First Brexit, now CV-19. The UK has seen some very choppy waters in recent years. Now Labour wants to Steer the UK into Calmer seas. Labour’s new slogan promises to Make Politics Boring Again.
Steer Calmer is the phrase on everybody’s lips. No more floundering in the muddy waters of Lake Corbyn, no more desperate struggles to hitch the bandwagon to HMS Boris Johnson. Instead we are expecting oil to be poured onto the UK’s troubled waters.
This is a distinct change from the current Prime Minister In Hiding, whose instincts lead him not to pour oil on troubled waters, but to build a bridge over them instead.
This is the moment that lefty snowflakes have been waiting for. The Left may sometimes have better policies, but the Right usually has the better slogans. No slogan is better than a bad slogan, and Steer Calmer is not too bad as these things go.
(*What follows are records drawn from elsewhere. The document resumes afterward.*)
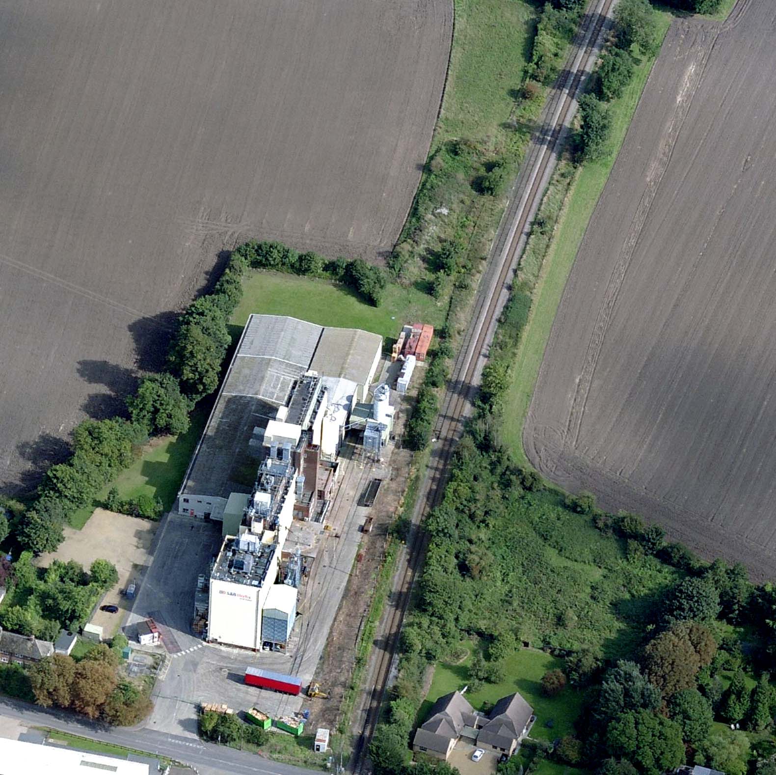 Aerial view of Fulbourne station c 2010. The sidings that were laid into the grain silo during WW2 can still be seen embedded in the concrete in front of the building. To the east (top of picture) the siding can be followed to its junction with the down main line. 400 yards of the down line was retained after the line was singled in the 1980. Although the line is still in situ there is no longer a physical connection with the former up line which is still in use. The original WW2 building was refurbished in 1986 and is now owned by S&B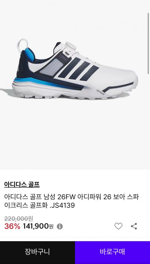 [패션플러스] 아디다스 골프 아디파워 26 보아 스파이크리스 골프화 (146,300원/무료) > 국내핫딜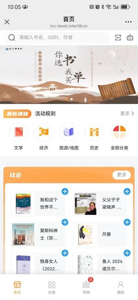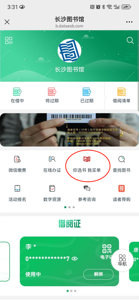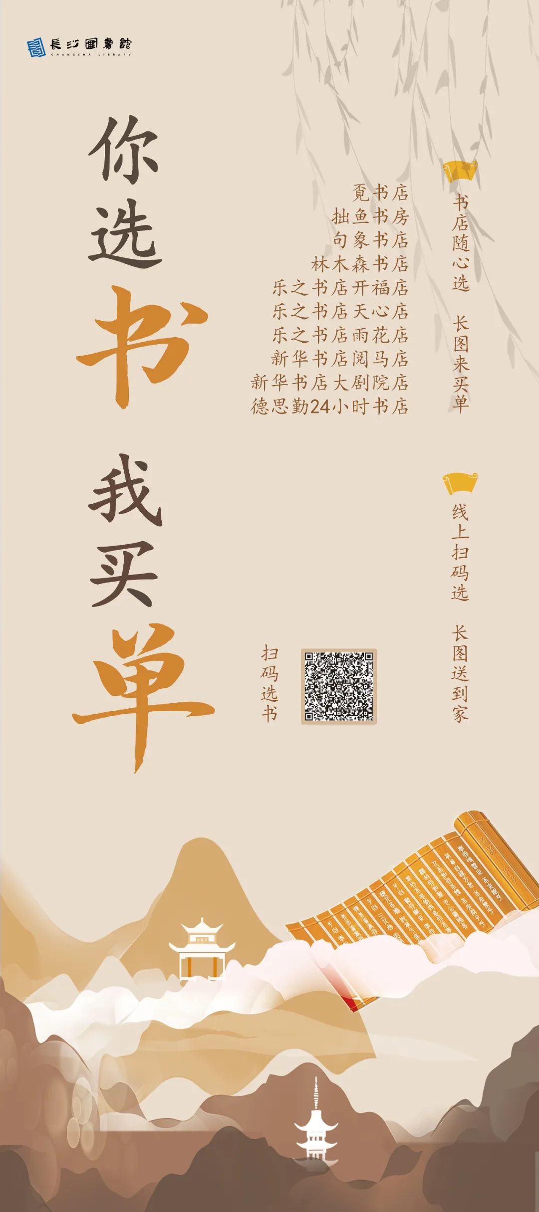 关注长沙图书馆微信公众号—微服务大厅—你选书我买单—自助选书加入购物车—提交订单坐等收货—借期满后归还至任意活动书店或长沙图书馆。
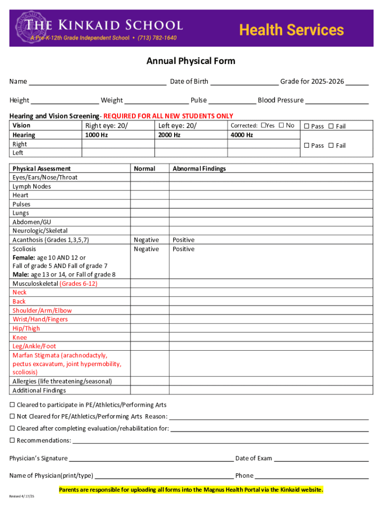An annual physical form is a crucial document that captures an individual's health information, ensuring that medical professionals have a detailed understanding of their patients before conducting examinations. The primary purpose of this form is to facilitate comprehensive healthcare assessments, allowing doctors to make informed decisions regarding diagnoses and treatment plans.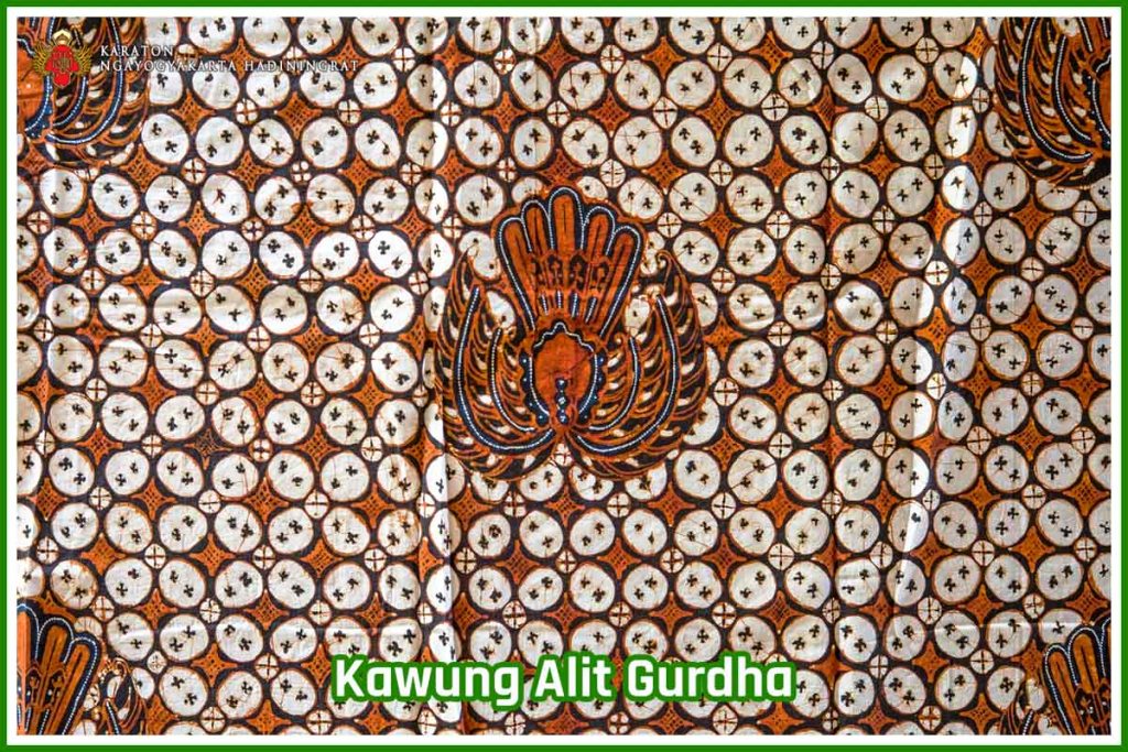 Motif Kawung boleh dipakai oleh para Sentana Dalem saja. Motif ini merupakan pola geometris dengan empat bentuk elips yang mengelilingi satu pusat.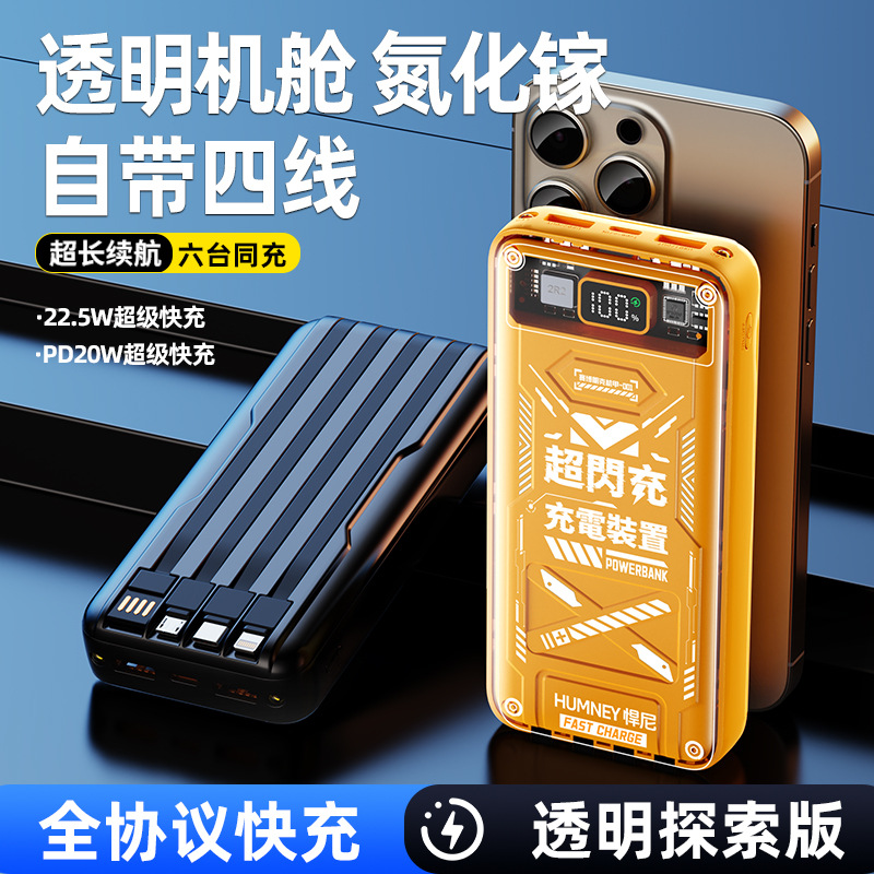 20000mAh透明窒化ガリウム製モバイルバッテリー、4線式充電ポート搭載、ポータブル窒化ガリウム製充電器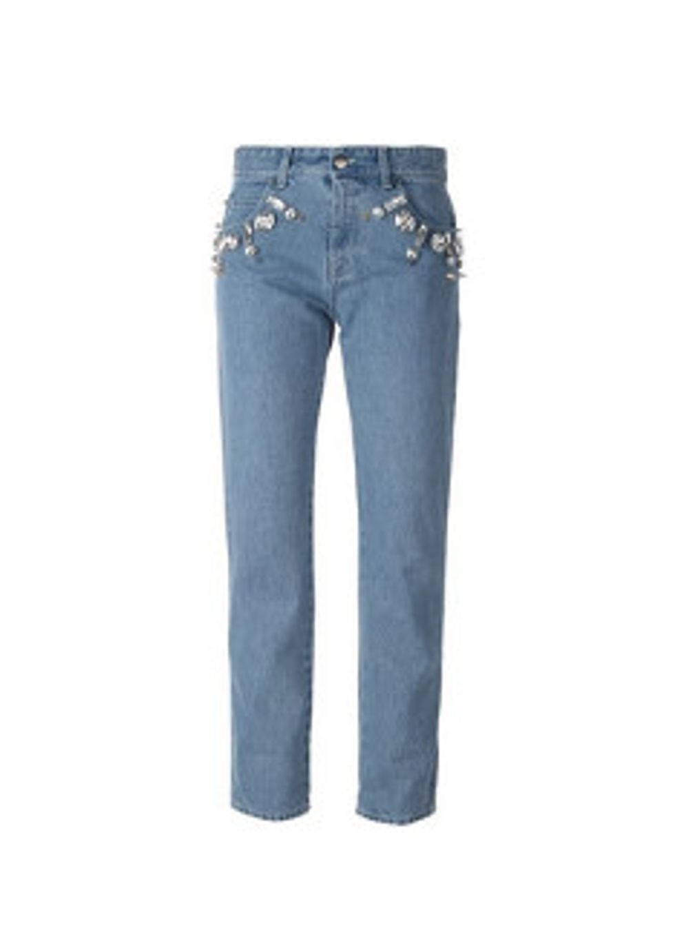EMBELLISHED DENIMPreviously relegated to the Disney Channel costume department and Rihanna’s legs, embellished denim is back with a studded, baubled, shredded vengeance. When we spotted the jean version of those don’t-even-get-us-started bejeweled Dolce & Gabbana headphones, we were instant converts. Don’t be fooled by the rocks that we got [on our pants].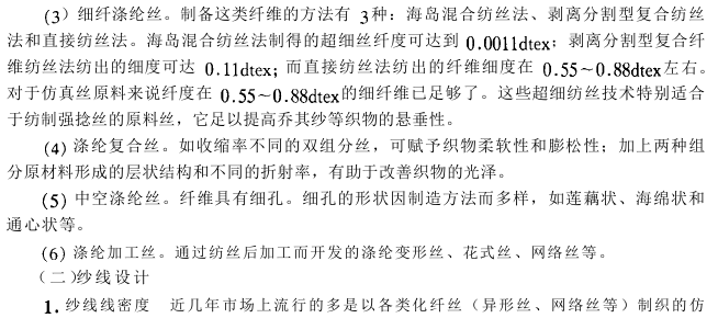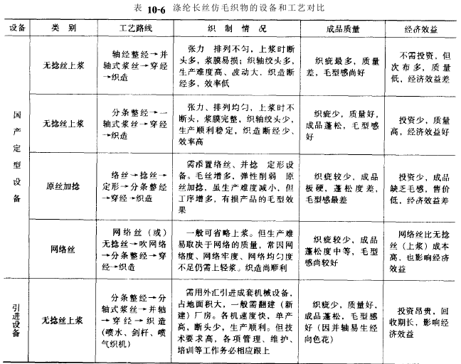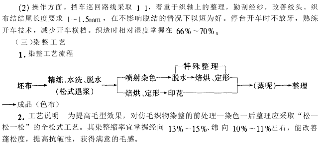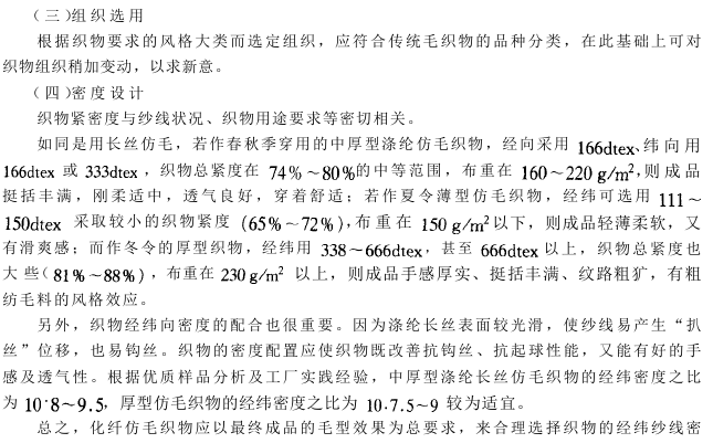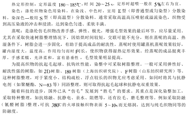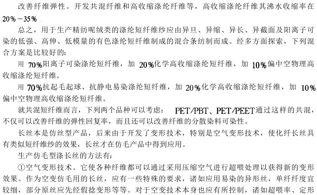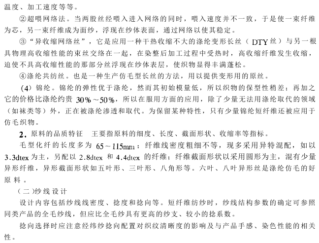 做到化纤仿毛,原料选择与开发至关重要。早年的不对称凝固、复合纺丝等技术,就是为仿毛所开发的技术;随着变形技术,特别是空气变形技术的引用,化纤长丝仿毛也已进人生产领域。但目前仍以化纤短纤为主要仿毛原料.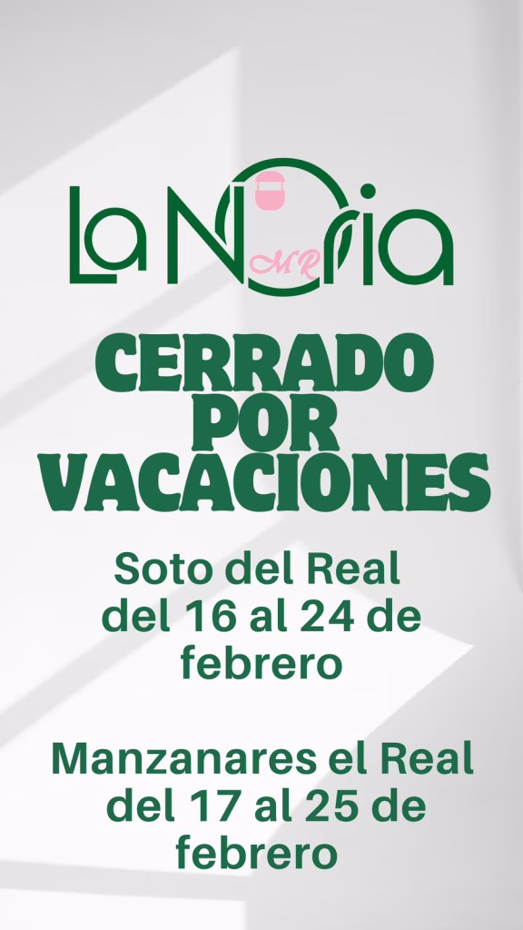 Informamos a nuestros clientes de que el equipo de La Noria se va de vacaciones. Por este motivo, el calendario de reservas no estará operativo en las siguientes fechas: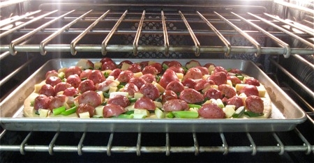 As I said, if potatoes don't float your boat, substitute your favorite toppings. If you're going with shredded cheese, I'd suggest baking the pizza on the bottom rack of the oven without its cheese; then adding the cheese just before transferring to the top rack. This will keep the cheese from burning and/or becoming rubbery and overcooked.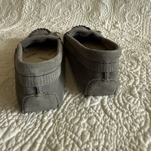 Minnetonka Moccasins, Gray Suede, Size 8

A slogan in itself cannot create ventilators out of thin air, or bring harmony to international talks. But, by soothing the people and the economy, maybe the good old Magic Money Tree will be tempted to bear fruit.
Naturally, the world’s media all wanted to Zoom in on the slogan from the safety of their bedrooms. “Steer Calmer means Steer Calmer,” began the slogan, promisingly. Hundreds of eager hacks jabbed frantically at their bedside laptops. “It is an honour to be the new slogan of the Labour Party. New Labour, new slogan!” This was terrific stuff. Keyboards up and down the country were seeing action on a Saturday morning for the first time in decades. “My first priority is to preserve the NHS. And not by boiling it with sugar like my predecessor. I will un-jam the health service!”
The connection collapsed like the promise of free broadband, as every hack tried to ask a question at the same time. The virtual press conference was dead in the water.
Now there is only one thing for it. Get Boris Done.